Despite the completely changed name, this is a reworked current C8.R, which car has always been a close brother to the production Z06. An aluminum frame from the Corvette’s assembly line in Bowling Green is shipped to longtime partner Pratt & Miller Engineering to be fitted with the carbon fiber roll cage and body. There’s still a 5.5-liter V8 with a flat-plane crank behind the cab that was also built at Bowling Green, with a maximum output of 600 horsepower as mandated by the regulations. There’s a six-speed sequential gearbox, just like on the C8.R. A double wishbone suspension features the same architecture as the Z06 road car, but mates with motorsport-specific springs and dampers. Six-piston front calipers combine with four-piston rear to push race-specific pads onto race-specific rotors.
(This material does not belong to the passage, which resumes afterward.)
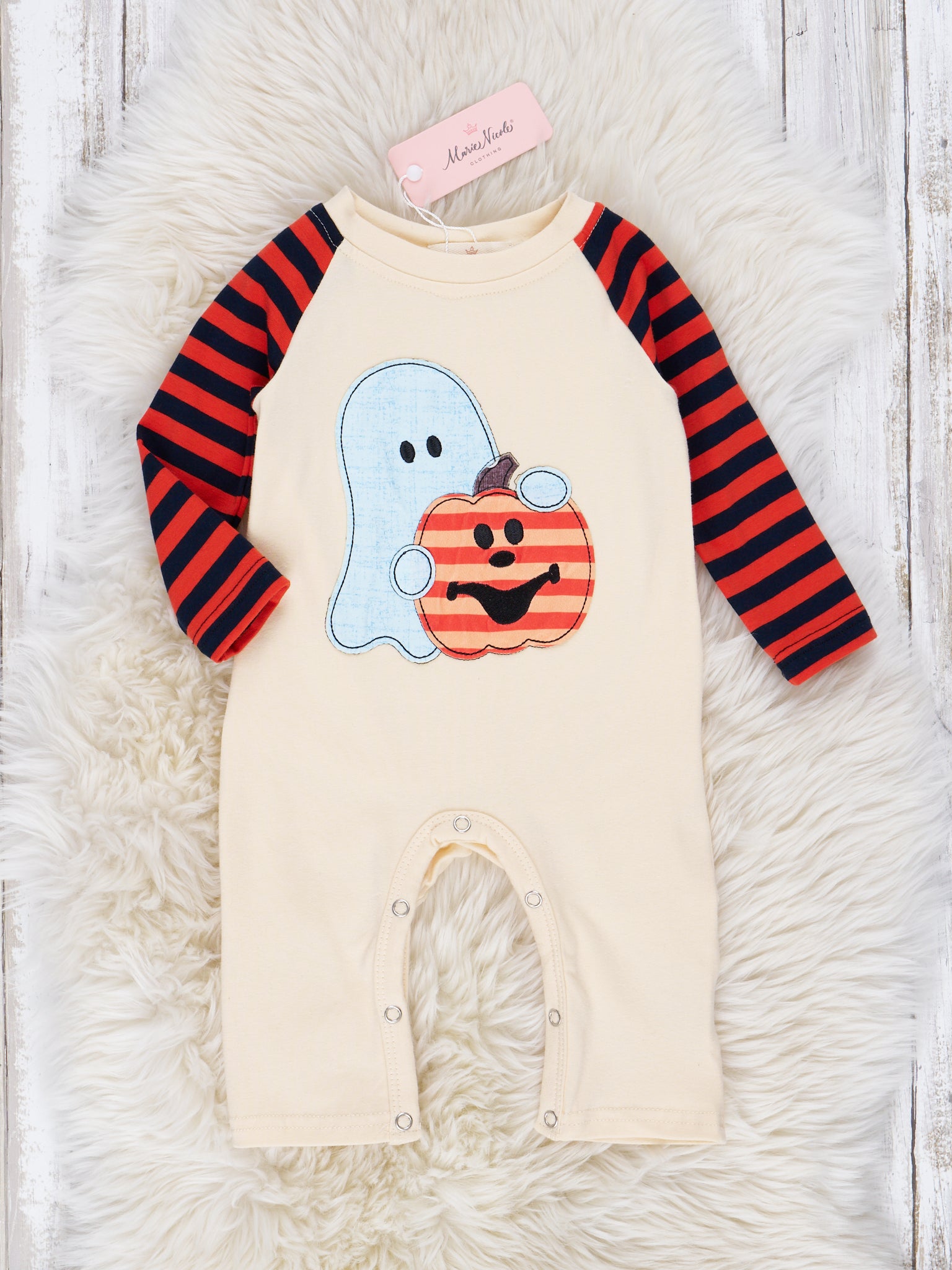 Beige Embroidered Ghost & Pumpkin Raglan Romper

The move to GT3 racing means Chevrolet Motorsports is entering a new era of collaboration with customer teams, something not seen with factory-backed GTLM and GTE cars in the last 25 years. GT3 means the opportunity to run in more series’, so in addition to appearances in the IMSA WeatherTech SportsCar Championship in the GTD Pro and GTD classes and the FIA World Endurance Championship in the GT3 class, cars could also appear in the Fanatec GT World Challenge, Intercontinental GT Challenge, SRO America and the Intercontinental GT Challenge. Chevrolet Motorsports says it will provide broad support for customer submissions, including a parts truck with full spare parts on the track during race weekends, and Chevrolet engineers for installation, pre- and post-race documentation and data analysis. Teams can level up to “full engineering, race strategy and other items” in the support menu if teams have the budgets.
By the time customer deliveries begin in the third quarter of this year, the Z06 GT3.R will have completed two years of development, including one on the track. Chevrolet didn’t name the price, that number will likely be made public closer to launch.